The evaluation of the MPT VM placement proposal is conducted by executing multiple runs of different simulation experiments to assess and compare results, as presented below:

  1. (E1)

    Random VM placement: places VMs into suitable hosts randomly selected following a uniform distribution, using a PRNG. That is a naive approach simply to show how the FF and MPT proposals outperform it.

  2. (E2)

    MPT Random VM placement: it works the same way as the experiment E1 above, using the initial random VM placement. Then it applies the MPT proposal to improve the initial placement.

  3. (E3)

    First-Fit (FF) VM placement: a low-complexity round-robin algorithm that tries to place each VM on the first suitable host found inside any available datacenter cluster. That host is used to place any consecutive VM. When such a host is not suitable for any VM anymore, the next one is selected for current and following VMs.

  4. (E4)

    MPT FF VM placement: the proposed trading MPT algorithm that periodically negotiates random exchanges of VMs between neighboring clusters, recomputing the cluster risk and return. If such metrics are improved, according to the utility Function 1, VMs are actually migrated between clusters. The proposal uses the previous FF algorithm for initial VM placement.

6.3 Result Analysis

6.3.1 Metrics and Experiment Types

Considering the experiments just enumerated, this section presents simulation results for the following evaluated metrics:

  1. (M1)

    Active Hosts Avg (%): average percentage of active hosts during simulation execution, considering the total number of hosts on the datacenter across all clusters. The lower this metric is, the better, since the VM placement algorithm is consolidating the maximum number of VMs into the minimum number of hosts.

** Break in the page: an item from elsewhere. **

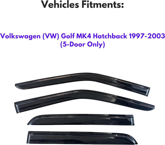 KPY Window Visor Compatible with Volkswagen (VW) Golf MK4 Hatchback 1997-2003, 4PC Rain Guard Side Window Vent Deflectors Tape-On Mugen Style, 1997 1998 1999 2000 2001 2002 2003
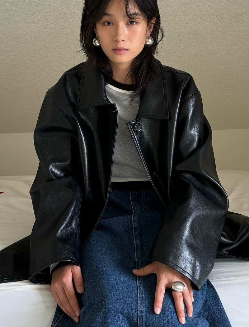클래식 여성 가을 가죽자켓 재킷 루즈핏 빈티지 싱글 레더 자켓 (블랙)

However, that can lead to overload.

  2. (M2)

    Active Hosts Max (%): maximum percentage of active hosts during simulation execution, following the same reasoning of the previous metric. However, an increased value may indicate that the server consolidation process is not sufficiently effective, which will require the activation of a higher number of hosts at some point in time.

  3. (M3)

    Used CPU cores Avg (%): average percentage of used CPU cores in active hosts. This is used as a way to indicate how loaded a server is, according to the number of cores used. If the server is active, the highest number of cores used that do not overload the hosts is desirable. An increased value improves the cost/benefit relation of the host, since it reduces resource waste and balances power consumption [1].

  4. (M4)

    Used CPU cores Max (%): maximum percentage of used CPU cores for active hosts, following the same reasoning of M3.

  5. (M5)

    CPU overload mean (%): average percentage of CPU load for times hosts are overused, considering a defined threshold. This indicates how overloaded hosts are on average. Overload is well known to cause issues for companies, cloud provider infrastructure and customers, as broadly discussed in the literature surveyed in [1].

  6. (M6)

    CPU overload time (%) from uptime: percentage of the time, on average, hosts are overused (considering their uptime) above the threshold discussed in the previous metric. The longer this overload time is, the higher the negative impacts will be. An increased value may indicate that the VM placement algorithm is not sufficiently effective in distributing VMs, since overload is the major issue to address.

  7. (M7)

    CPU underload mean (%): average percentage of CPU load for times hosts are underused, considering a defined threshold. In contrast to metrics such as M5 and M6, this one indicates resources are being wasted, while fewer hosts could be activated to meet demand and reduce power consumption.

  8. (M8)

    CPU underload time (%) from uptime: percentage of the time, on average, hosts are underused (considering their uptime) below the threshold discussed in the previous metric. An increased value may indicate the VM placement algorithm is scattering VMs in more hosts than required, which may increase power consumption and resource waste.

  9. (M9)

    Hosts CPU mean load for non under/overload times (%): percentage of Host CPU capacity is being used during regular times. The closer the value is to the CPU upper utilization threshold the better, since it maximizes resource utilization while trying to avoid under and overload.

  10. (M10)

    Hosts uptime (%) mean: percentage of time (according to the total simulation time) hosts are active on average. The higher this value for non under or overloaded hosts the better, following the same reasoning for the previous metric.

  11. (M11)

    Total overload hosts (%): percentage of overused hosts along the total simulation time.

  12. (M12)

    Total underload hosts (%): percentage of underused hosts along the total simulation time.

  13. (M13)

    Hosts startup/shutdown power consumption (MW): the total power consumed by all activated hosts during startups and shutdowns.

  14. (M14)

    Hosts total power consumption (GW): the total power consumed by all activated hosts during entire simulation execution.

  15. (M15)

    Hosts startups mean: mean number of times hosts are powered on (since an idle host may be shutdown). The lower this value is, the less frequently hosts are switched on and off, which may reduce the time VMs have to wait for a host to be activated.

  16. (M16)

    Delayed VM mean wait time (seconds): mean time VMs have to wait for a host being powered on (due to host boot time), excluding VMs that were promptly assigned to an already active host.

  17. (M17)

    Delayed VMs (%): percentage of VMs that had to wait for a host activation before the placement could be performed.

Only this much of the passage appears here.